[[ EXERCISE DATA open ]]
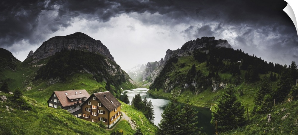 <p>Thunderstorm coming at Bollenwees refuge, Canton of Appenzell, Alpstein, Switzerland, Europe</p>
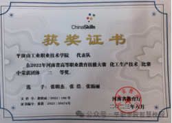 学院积极选拔学生参加技能大赛。2023年6月参加河南省教育厅组织的化工生产技术技能大赛,获得团体三等奖;2023年9月参加中国煤炭协会、中国化工教育协会联合举办的煤炭清洁利用技能大赛,获得团体三等奖。近年来,随着国家发展战略调整和河南省产业结构优化调整的进一步推进,化工行业人才迫切需求,就业形势好,毕业生供不应求。随着中国尼龙城的建设、化工行业快速发展,新建化工项目大量上马——尼龙新材料、新工艺不断发展,标志着化工市场产品市场广阔,蕴藏巨大商机,化工专业人才需求与日俱增。目前,尼龙科技公司、聚碳新材料公司、首恒新材料公司等一大批新建、扩建化工企业急需化工专业人才,我院已同河南神马尼龙化工公司、尼龙科技公司联合开办“应用化工技术专业新型现代学徒班”,与福建恒申集团、中国平煤神马集团签订协议,组建“恒申订单班”与“平煤神马订单班”,实现了校企优势资源共享,共同提升了专业的办学质量。高质量、特色鲜明的人才培养,不仅提高了人才培养质量,同时也大大提升了学生的就业竞争力,吸引了福建恒申集团、河南晋开化工投资控股集团有限责任公司、中国平煤神马聚碳材料有限公司、氢化学有限公司、平顶山市东鑫焦化有限责任公司、隆基绿能科技股份有限公司等来校招聘。
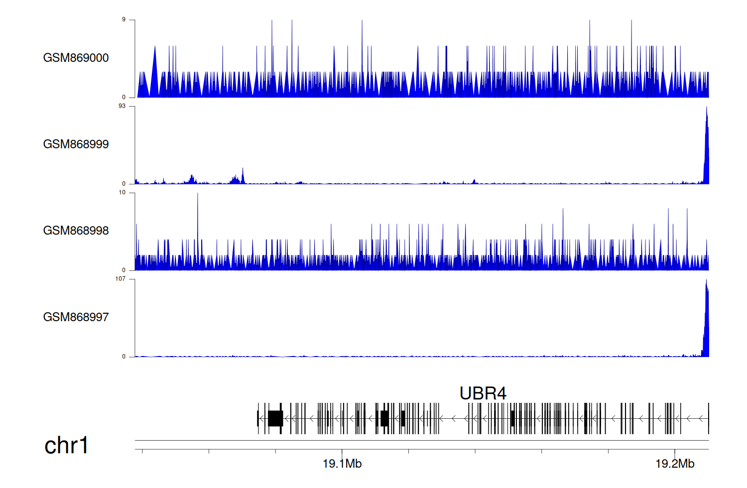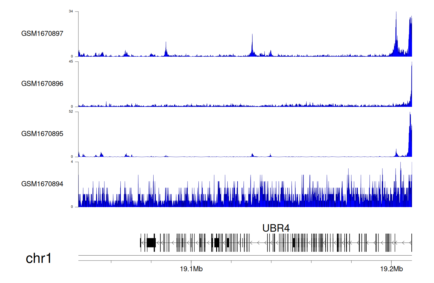 > Dataset: GSE68402 - UBR4 peak across samples
[[ EXERCISE DATA closed ]]
- WORK INSTRUCTION: Using the data above, print every line exactly, omitting pictures.

- EXERCISE RESPONSE:
 <p>Thunderstorm coming at Bollenwees refuge, Canton of Appenzell, Alpstein, Switzerland, Europe</p>
 学院积极选拔学生参加技能大赛。2023年6月参加河南省教育厅组织的化工生产技术技能大赛,获得团体三等奖;2023年9月参加中国煤炭协会、中国化工教育协会联合举办的煤炭清洁利用技能大赛,获得团体三等奖。近年来,随着国家发展战略调整和河南省产业结构优化调整的进一步推进,化工行业人才迫切需求,就业形势好,毕业生供不应求。随着中国尼龙城的建设、化工行业快速发展,新建化工项目大量上马——尼龙新材料、新工艺不断发展,标志着化工市场产品市场广阔,蕴藏巨大商机,化工专业人才需求与日俱增。目前,尼龙科技公司、聚碳新材料公司、首恒新材料公司等一大批新建、扩建化工企业急需化工专业人才,我院已同河南神马尼龙化工公司、尼龙科技公司联合开办“应用化工技术专业新型现代学徒班”,与福建恒申集团、中国平煤神马集团签订协议,组建“恒申订单班”与“平煤神马订单班”,实现了校企优势资源共享,共同提升了专业的办学质量。高质量、特色鲜明的人才培养,不仅提高了人才培养质量,同时也大大提升了学生的就业竞争力,吸引了福建恒申集团、河南晋开化工投资控股集团有限责任公司、中国平煤神马聚碳材料有限公司、氢化学有限公司、平顶山市东鑫焦化有限责任公司、隆基绿能科技股份有限公司等来校招聘。
 > Dataset: GSE68402 - UBR4 peak across samples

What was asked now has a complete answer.